Over the past six months, Gates Industrial Corporation has been a great trade, beating the S&P 500 by 11.5%. Its stock price has climbed to $25.59, representing a healthy 19.6% increase. This was partly due to its solid quarterly results, and the performance may have investors wondering how to approach the situation.

Is there a buying opportunity in Gates Industrial Corporation, or does it present a risk to your portfolio? Check out our in-depth research report to see what our analysts have to say, it’s free.

Why Is Gates Industrial Corporation Not Exciting?

We’re happy investors have made money, but we're swiping left on Gates Industrial Corporation for now. Here are three reasons you should be careful with GTES and a stock we'd rather own.

1. Core Business Falling Behind as Demand Declines

We can better understand Engineered Components and Systems companies by analyzing their organic revenue.
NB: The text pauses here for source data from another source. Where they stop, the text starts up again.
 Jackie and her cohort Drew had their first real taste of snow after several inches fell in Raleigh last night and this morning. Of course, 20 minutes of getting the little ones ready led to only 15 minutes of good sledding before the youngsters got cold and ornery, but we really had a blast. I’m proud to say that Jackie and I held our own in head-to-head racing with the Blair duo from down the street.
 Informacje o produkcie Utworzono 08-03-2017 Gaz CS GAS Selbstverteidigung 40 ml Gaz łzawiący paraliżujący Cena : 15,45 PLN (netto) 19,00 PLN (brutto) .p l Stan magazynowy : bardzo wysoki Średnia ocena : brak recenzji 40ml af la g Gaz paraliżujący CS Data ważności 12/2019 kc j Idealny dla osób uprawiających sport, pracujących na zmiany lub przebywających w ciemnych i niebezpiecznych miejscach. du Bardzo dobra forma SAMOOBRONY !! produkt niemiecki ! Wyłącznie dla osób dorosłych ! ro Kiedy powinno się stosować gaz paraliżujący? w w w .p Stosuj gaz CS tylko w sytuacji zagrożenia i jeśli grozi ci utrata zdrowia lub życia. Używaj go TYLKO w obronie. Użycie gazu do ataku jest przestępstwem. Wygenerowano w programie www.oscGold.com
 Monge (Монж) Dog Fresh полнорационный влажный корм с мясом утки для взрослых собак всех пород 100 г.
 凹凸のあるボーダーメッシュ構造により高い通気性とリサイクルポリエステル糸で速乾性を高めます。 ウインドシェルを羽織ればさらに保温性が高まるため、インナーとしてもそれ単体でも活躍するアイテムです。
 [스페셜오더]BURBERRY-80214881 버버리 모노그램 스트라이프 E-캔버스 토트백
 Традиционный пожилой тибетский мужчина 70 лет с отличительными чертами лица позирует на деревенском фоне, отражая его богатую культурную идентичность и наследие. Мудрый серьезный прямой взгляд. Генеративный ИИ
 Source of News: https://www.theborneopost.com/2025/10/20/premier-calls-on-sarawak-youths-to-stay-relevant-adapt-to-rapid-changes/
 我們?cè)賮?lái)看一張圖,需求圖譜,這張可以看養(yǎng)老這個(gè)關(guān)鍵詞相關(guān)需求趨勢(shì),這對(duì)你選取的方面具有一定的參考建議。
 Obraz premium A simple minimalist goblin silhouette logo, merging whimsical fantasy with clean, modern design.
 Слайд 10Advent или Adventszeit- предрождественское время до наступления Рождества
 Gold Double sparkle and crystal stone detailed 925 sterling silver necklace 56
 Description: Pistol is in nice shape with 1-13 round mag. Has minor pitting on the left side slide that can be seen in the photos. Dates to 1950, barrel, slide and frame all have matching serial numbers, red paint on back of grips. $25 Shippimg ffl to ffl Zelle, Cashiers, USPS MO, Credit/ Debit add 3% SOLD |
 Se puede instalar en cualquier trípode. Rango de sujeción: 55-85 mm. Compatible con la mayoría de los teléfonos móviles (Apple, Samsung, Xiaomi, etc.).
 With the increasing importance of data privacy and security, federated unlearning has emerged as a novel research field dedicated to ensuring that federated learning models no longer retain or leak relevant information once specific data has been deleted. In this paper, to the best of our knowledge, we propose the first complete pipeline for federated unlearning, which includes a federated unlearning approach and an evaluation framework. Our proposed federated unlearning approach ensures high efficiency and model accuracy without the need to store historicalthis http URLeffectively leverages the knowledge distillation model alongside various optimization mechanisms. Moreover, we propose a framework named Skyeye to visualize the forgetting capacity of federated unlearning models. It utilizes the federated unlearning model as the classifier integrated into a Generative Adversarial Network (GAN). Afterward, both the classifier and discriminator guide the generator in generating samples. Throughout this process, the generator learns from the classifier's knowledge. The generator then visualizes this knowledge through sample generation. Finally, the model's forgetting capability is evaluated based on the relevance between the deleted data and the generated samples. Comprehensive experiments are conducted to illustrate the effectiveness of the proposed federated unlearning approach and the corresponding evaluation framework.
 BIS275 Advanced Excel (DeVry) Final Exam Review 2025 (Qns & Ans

This metric gives visibility into Gates Industrial Corporation’s core business because it excludes one-time events such as mergers, acquisitions, and divestitures along with foreign currency fluctuations - non-fundamental factors that can manipulate the income statement.

Over the last two years, Gates Industrial Corporation’s organic revenue averaged 2.3% year-on-year declines. This performance was underwhelming and implies it may need to improve its products, pricing, or go-to-market strategy. It also suggests Gates Industrial Corporation might have to lean into acquisitions to grow, which isn’t ideal because M&A can be expensive and risky (integrations often disrupt focus). Gates Industrial Corporation Organic Revenue Growth

2. Projected Revenue Growth Is Slim

Forecasted revenues by Wall Street analysts signal a company’s potential. Predictions may not always be accurate, but accelerating growth typically boosts valuation multiples and stock prices while slowing growth does the opposite.

Over the next 12 months, sell-side analysts expect Gates Industrial Corporation’s revenue to rise by 4.8%. Although this projection indicates its newer products and services will spur better top-line performance, it is still below average for the sector.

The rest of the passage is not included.